Our Methodology

How we source, filter, translate, and maintain the database.

Last updated: May 2, 2026

Step 1: Sourcing

We run scrapers against 7 platforms. Each scraper is incremental, it uses a high-water mark (last scraped ID or timestamp) and only fetches new content on each run. No full backfills on daily cycles.

Source Questions Type
LeetCode Discuss ~22,000 Interview experiences, questions
Reddit (r/cscareerquestions, r/leetcode) ~9,000 Interview experiences, discussions
1Point3Acres (1p3a) ~5,700 Chinese-language interview experiences
LeetCode Company Tags ~4,000 Company-frequency tagged problems
InterviewDB ~1,300 Structured question signals
GeeksforGeeks (GFG) ~1,000 Interview questions by company
Blind ~62 High-signal paywalled discussions

Step 2: Filtering

Not everything scraped makes it into the database.

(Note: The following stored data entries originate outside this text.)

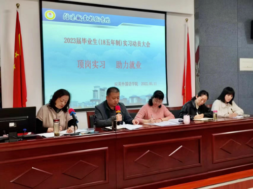 2022年5月13日下午三点,太阳成集团在外语楼A2402会议室举行以“顶岗实习、助力就业”为主题的2023届毕业生(18五年制英教)实习动员大会。外语公司党总支副书记张泽锋、教学副经理刘文敏、团总支书记蒋曾(18五年制辅导员)、实习专干陈宇及18级五年制全体毕业生参加了此次大会,会议由教务办公室主任李静主持。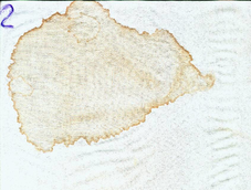 На куски белой ткани, размером 20×20 см, были нанесены пятна крови, кетчупа, оливкового масла, паста от шариковой ручки. По прошествии 24 часов после нанесения пятен образцы были испытаны на действие порошка по следующей методике. 1 столовая ложка порошка (20 мл) растворялась в 0,5 л кипятка. В полученную смесь опускался испытуемый образец, который интенсивно перемешивался в полученном растворе течение 5 минут. По окончании данной процедуры образец полоскался в проточной воде в течение 1 минуты.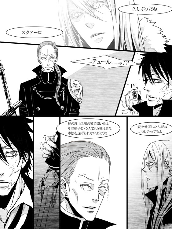 風の噂なわきゃーないので白蘭さんあたりが「ヴァリアーの副長の彼と知り合いなの?ああそうあのド淫乱18年髪伸ばしてるらしいよXANXUS君がドンになるまで切らないらしいよ忠誠ってかただの馬鹿でしょ馬鹿だよね?何可愛い?ああそうニヤついてんじゃねーよこのオイボレアハハきもいってきもいのは私じゃああぁあえバッカじゃねーのバッカじゃねーのバッキャローネないわないわーこんなテュール小指で倒せるわ私の小指で倒せるわ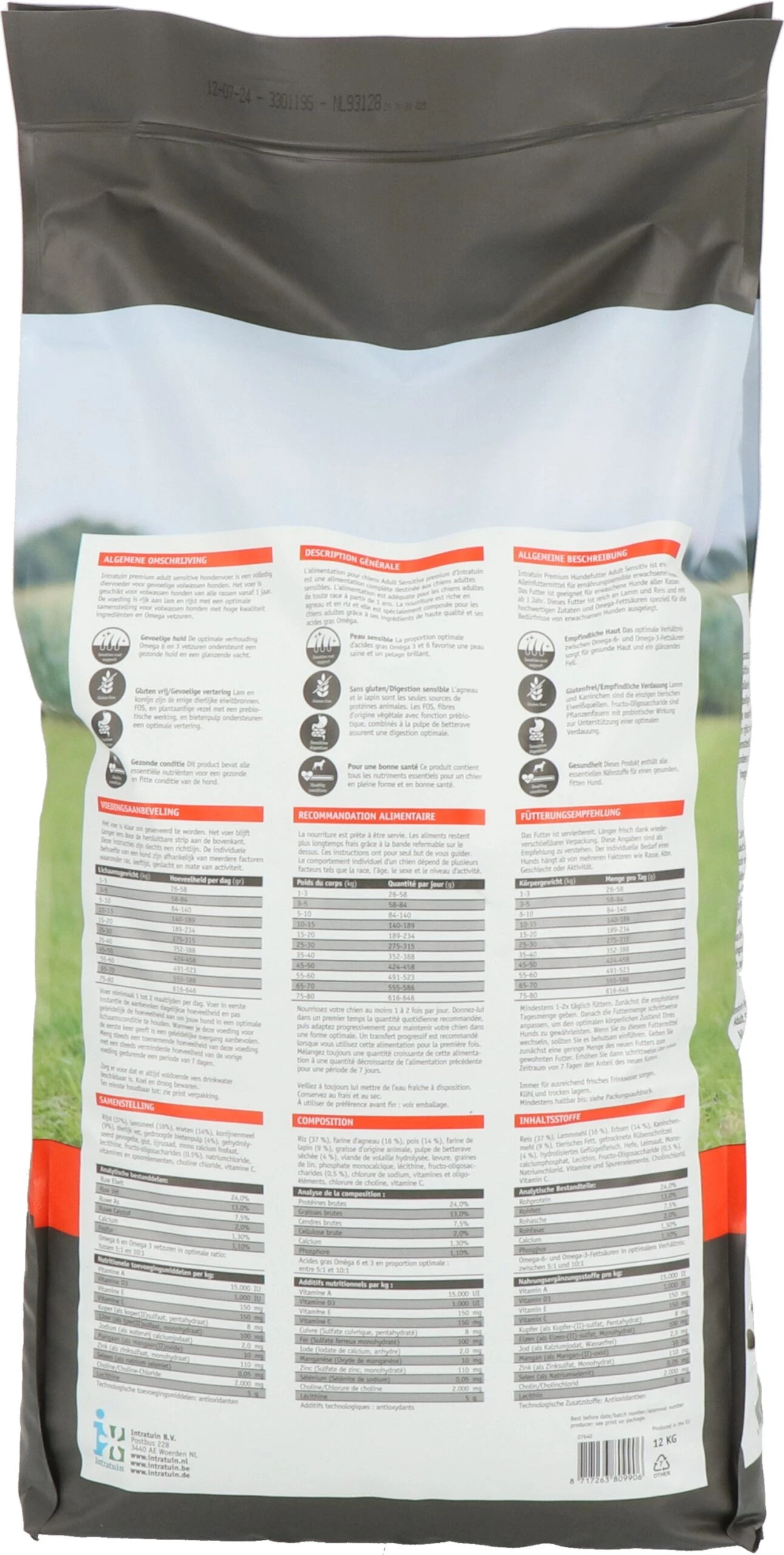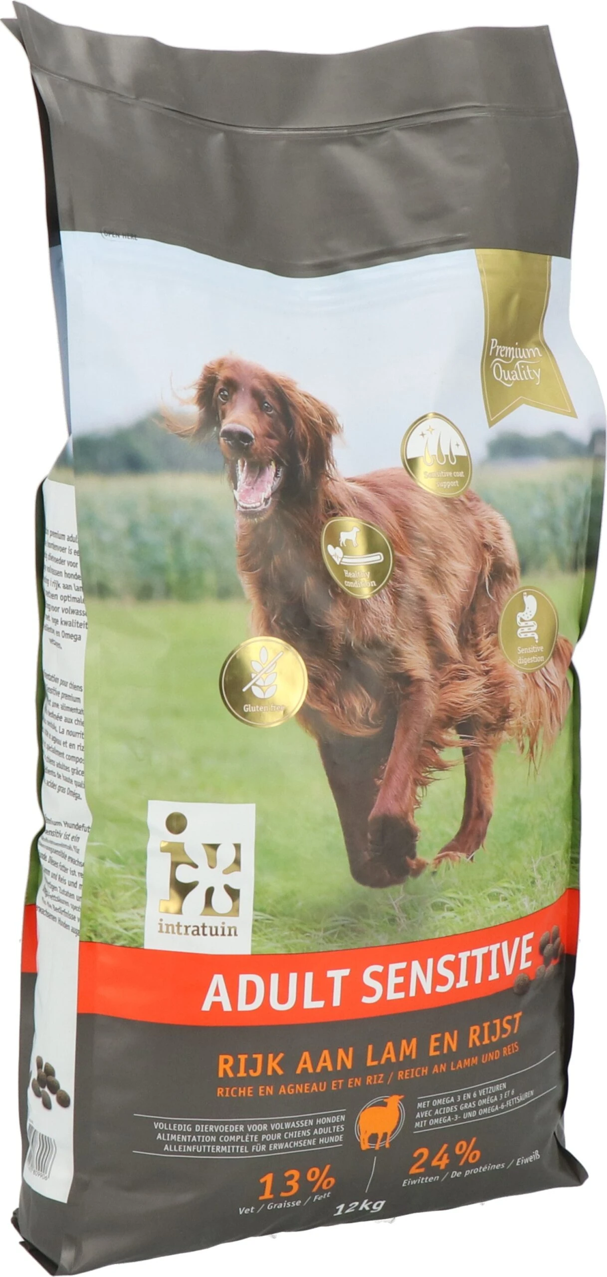 Het Premium hondenvoer adult sensitive van Intratuin is een volledig diervoeder voor gevoelige volwassen honden. Het droogvoer is geschikt voor alle rassen vanaf 1 jaar. De voeding heeft een optimale samenstelling voor gevoelige volwassen honden en is rijk aan lam en rijst. De ingrediënten zijn van hoge kwaliteit en bevatten Omega vetzuren.

We apply a multi-layer filter pipeline:

  • 1. Junk detection. Posts with no usable interview content, rants, off-topic career advice, pure memes, are flagged is_junk=1 and excluded from all queries.
  • 2. Deduplication. Near-duplicate questions (same title + company + year) are merged. The highest-quality copy is kept; duplicates are flagged is_duplicate=1.
  • 3. Audit classification. A rules-based classifier tags each question with audit_content_type, audit_role, audit_topic, and audit_quality. Low-quality entries (broken translations, noise, sub-threshold content) are flagged dropped=1.
  • 4. Company slug gating. We maintain a blocklist of ~574 English words that leaked in as "company names" from Reddit post-title parsing. A suspicious-slug heuristic further gates low-thread startups from appearing in public listings.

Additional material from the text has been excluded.